▶ **How to complete this task**
Reproduce exactly the lines of this material that begin at the line with "feat. PUNPEE「お嫁においで 2015」をマッシュアップしたトラックではフロアの大合唱を巻き起こしてみせた。" and end at the line with "Vaso Giorgio IV", both included. Omit the pictures and everything else.

▶ **Data extracts**
----------------

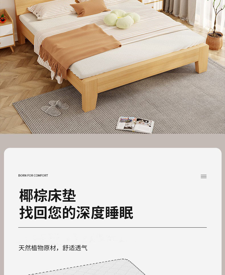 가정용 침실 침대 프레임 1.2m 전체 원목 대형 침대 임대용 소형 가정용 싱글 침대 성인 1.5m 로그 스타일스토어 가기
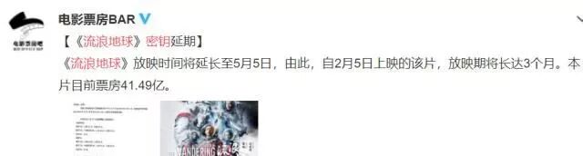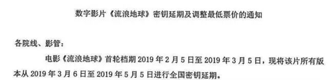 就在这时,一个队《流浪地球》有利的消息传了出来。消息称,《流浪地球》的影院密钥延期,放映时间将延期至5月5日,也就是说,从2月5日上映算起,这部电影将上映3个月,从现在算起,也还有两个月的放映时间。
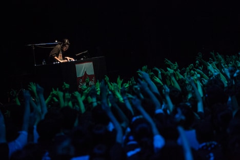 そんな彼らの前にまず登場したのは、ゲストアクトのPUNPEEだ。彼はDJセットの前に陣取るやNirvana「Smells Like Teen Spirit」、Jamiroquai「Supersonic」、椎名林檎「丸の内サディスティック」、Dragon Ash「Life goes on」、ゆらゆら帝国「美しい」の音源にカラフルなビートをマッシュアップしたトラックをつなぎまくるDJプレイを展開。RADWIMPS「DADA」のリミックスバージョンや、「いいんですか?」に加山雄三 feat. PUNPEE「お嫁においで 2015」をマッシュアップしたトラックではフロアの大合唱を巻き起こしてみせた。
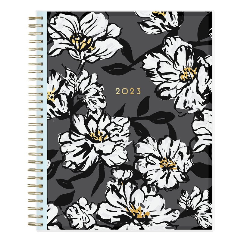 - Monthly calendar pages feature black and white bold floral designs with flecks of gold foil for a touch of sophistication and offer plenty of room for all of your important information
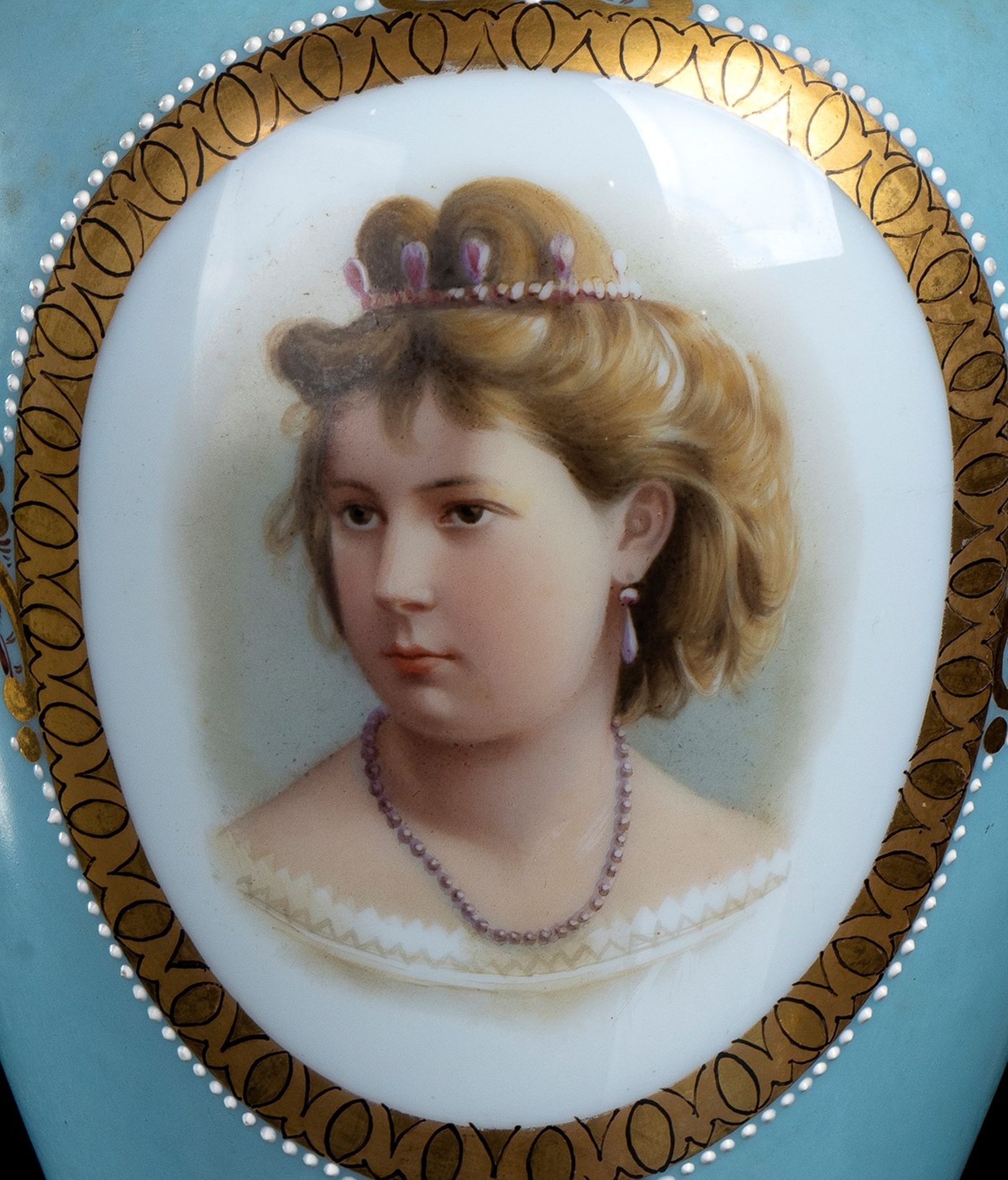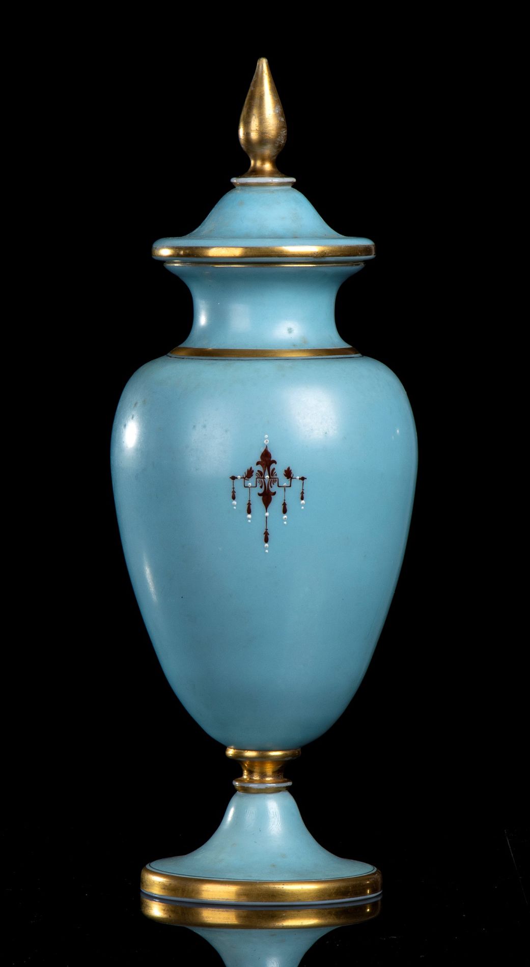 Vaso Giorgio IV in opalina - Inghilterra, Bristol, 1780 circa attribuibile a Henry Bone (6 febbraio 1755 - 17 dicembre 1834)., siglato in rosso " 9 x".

----------------

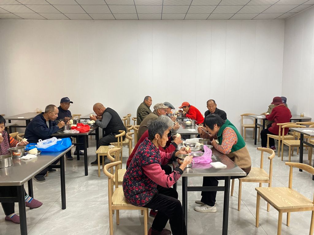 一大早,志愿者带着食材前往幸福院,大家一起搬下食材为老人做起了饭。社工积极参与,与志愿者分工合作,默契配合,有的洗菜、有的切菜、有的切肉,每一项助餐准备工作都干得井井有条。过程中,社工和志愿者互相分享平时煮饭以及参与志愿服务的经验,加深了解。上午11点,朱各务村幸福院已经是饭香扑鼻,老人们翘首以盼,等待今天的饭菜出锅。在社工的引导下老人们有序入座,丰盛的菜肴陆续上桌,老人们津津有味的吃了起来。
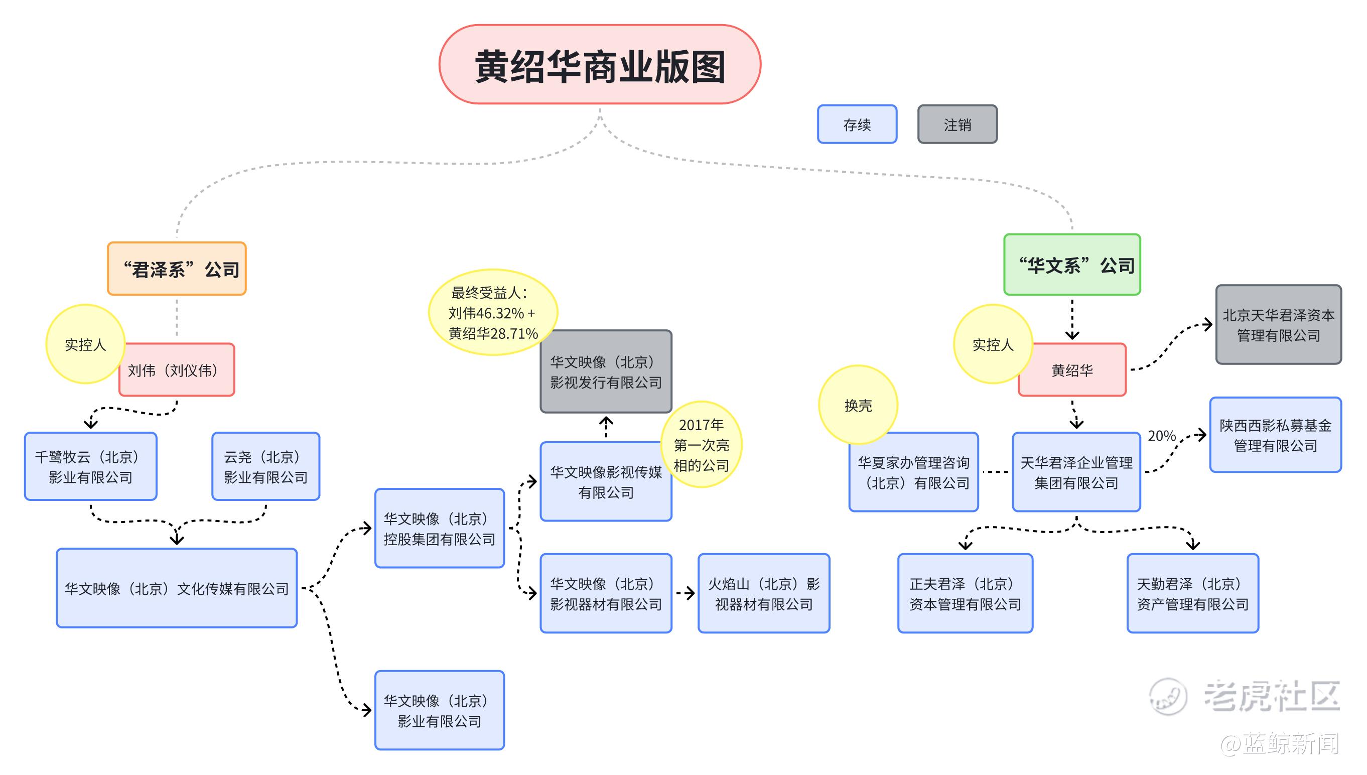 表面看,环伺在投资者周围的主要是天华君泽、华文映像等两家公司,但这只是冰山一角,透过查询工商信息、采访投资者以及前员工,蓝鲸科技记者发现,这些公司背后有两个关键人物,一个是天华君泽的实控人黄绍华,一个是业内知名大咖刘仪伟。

----------------

▶ **Exercise solution**
 そんな彼らの前にまず登場したのは、ゲストアクトのPUNPEEだ。彼はDJセットの前に陣取るやNirvana「Smells Like Teen Spirit」、Jamiroquai「Supersonic」、椎名林檎「丸の内サディスティック」、Dragon Ash「Life goes on」、ゆらゆら帝国「美しい」の音源にカラフルなビートをマッシュアップしたトラックをつなぎまくるDJプレイを展開。RADWIMPS「DADA」のリミックスバージョンや、「いいんですか?」に加山雄三 feat. PUNPEE「お嫁においで 2015」をマッシュアップしたトラックではフロアの大合唱を巻き起こしてみせた。
 - Monthly calendar pages feature black and white bold floral designs with flecks of gold foil for a touch of sophistication and offer plenty of room for all of your important information
 Vaso Giorgio IV in opalina - Inghilterra, Bristol, 1780 circa attribuibile a Henry Bone (6 febbraio 1755 - 17 dicembre 1834)., siglato in rosso " 9 x".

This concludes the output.